Pessimism is Leading to Fear

The recent declines in many stock markets around the world have gone beyond discounting a normal cyclical recession. One of the many lessons that I learned from John Neff, who was the great portfolio manager of the Windsor Fund, (now known as the Vanguard Windsor Fund), was to focus on the earnings power of a company under normal business conditions and not what was thought about the current level of earnings. Thus for him, it was the comparison of earnings power to current price to determine the attractiveness of a stock. Using this kind of analysis, he was brilliantly correct in his purchase of what is now Citigroup. He made multiples on his original investment. Many sophisticated portfolio managers believe that the current earnings projections represent cyclically peak earnings, as margins are at record levels and sales expansion is slowing down. I would submit that this recognition is already in the prices of the shares that they own. If my assertion is reasonably correct, when reported earnings turn down there is not a good reason to further discount current prices. I believe that the general price levels of many stocks presume a decline on the order of 25%, and thus many stocks are selling at perhaps 15X their earnings power and therefore there is no pressing need to mark stocks down further.

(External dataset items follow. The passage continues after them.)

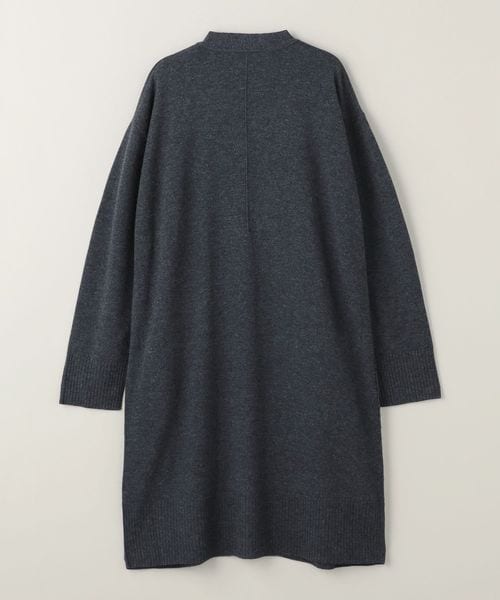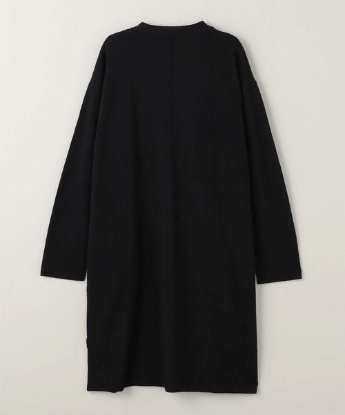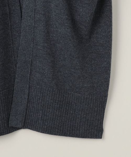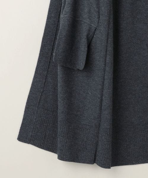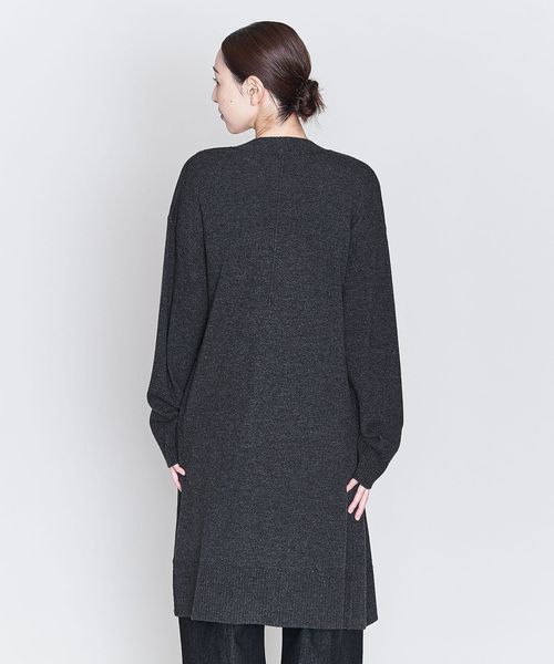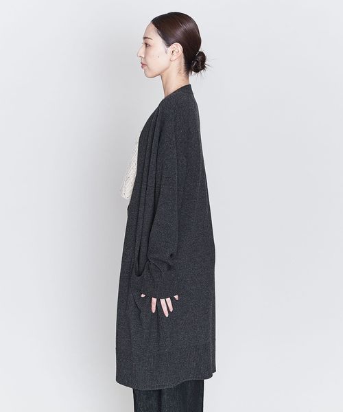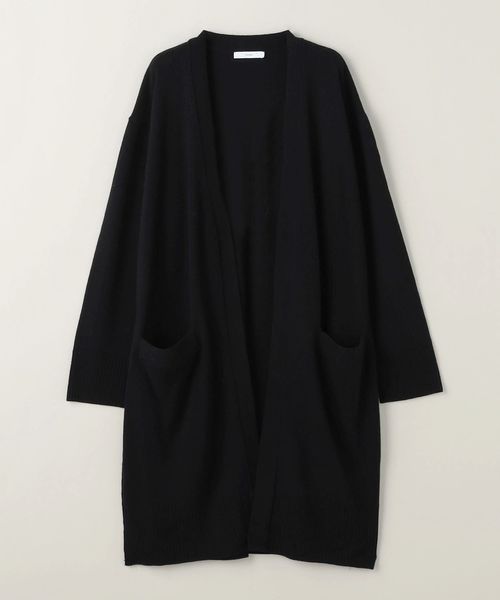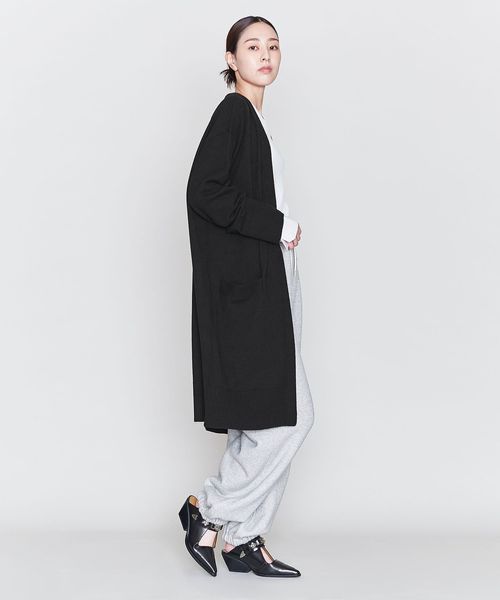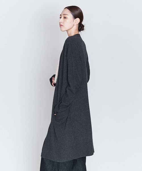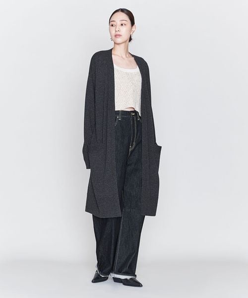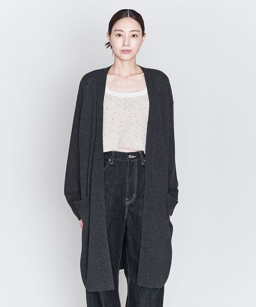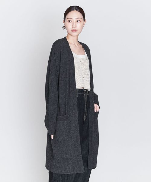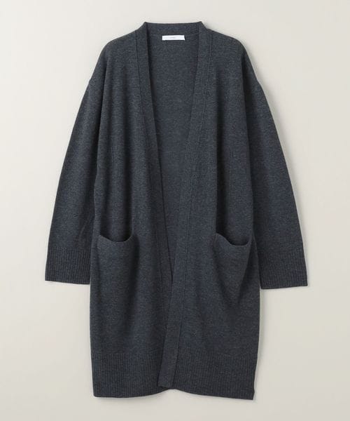 裾のリブやダーツがアクセントになったノーボタンのロングカーディガン。
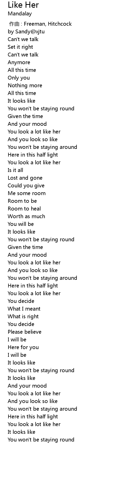 | [02:52.88] | You look a lot like her |
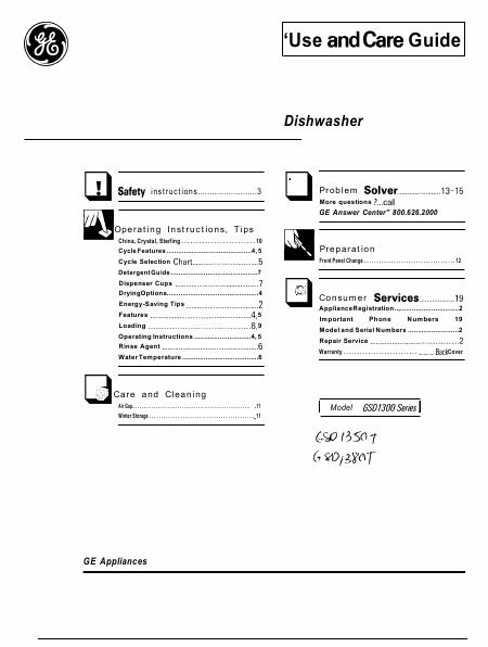 GE (GENERAL ELECTRIC) GSD1380T Users Guide English

However, that is not what is happening currently. We are talking ourselves into a recession by curtailing our expenses where we can, and not taking advantage of the huge talent bank that is available for us to hire. We are afraid of potentially massive disruptions to our global financial structure. Many are focused on the belief that the German government is getting prepared to bailout its own banks on the presumed default of the Greek government. If the Germans are slow to approve increased purchases of Italian debt by the European Central Bank (ECB), Italian interest rates will rise beyond the ability of the country to just pay interest, let alone service its debt. Spain’s problems have to do with weak internal banking structure and too much available real estate underlying its debt. The change in government in Japan is not generating enthusiasm. Both Australia and Canada are showing some signs of strain, etc., etc. The renowned thinker and investment manager Howard Marks of Oaktree Capital points out that markets can handle a single crisis reasonably well, but when there are concurrent problems, the markets go into a chaotic phase. I am hopeful that since the root cause of the structural imbalances is the same lack of political will that I discussed in my Blog post of August 28, 2011 entitled Storms on Both Sides of the Atlantic; that we are dealing with a single problem that plays on many stages, and thus the period of adjustment will be short.

The Lesson from 9/11/2011

Over the last ten years we were alert for a third attack, (I am including the first assault on the WTC in 1993, which I just missed by 15 minutes). At considerable expense and bother, we foiled known and unknown attempts. Up to this point, we have survived and are rebuilding. Perhaps the ten years of a flat nominal stock market in the US is coming to a close. As of today, we have suffered but survived in lower Manhattan. The substantial structural imbalances caused by people in many countries, demanding from pliant politicians more than we are willing to pay for through fees, prices, and taxes, will be addressed painfully and hopefully soon. Nevertheless, I take my hope from the “Empty Sky” memorial, and believe prudent, long term equity investment will see no fixed limits to our eventual returns. Hopefully the waiting period is getting shorter.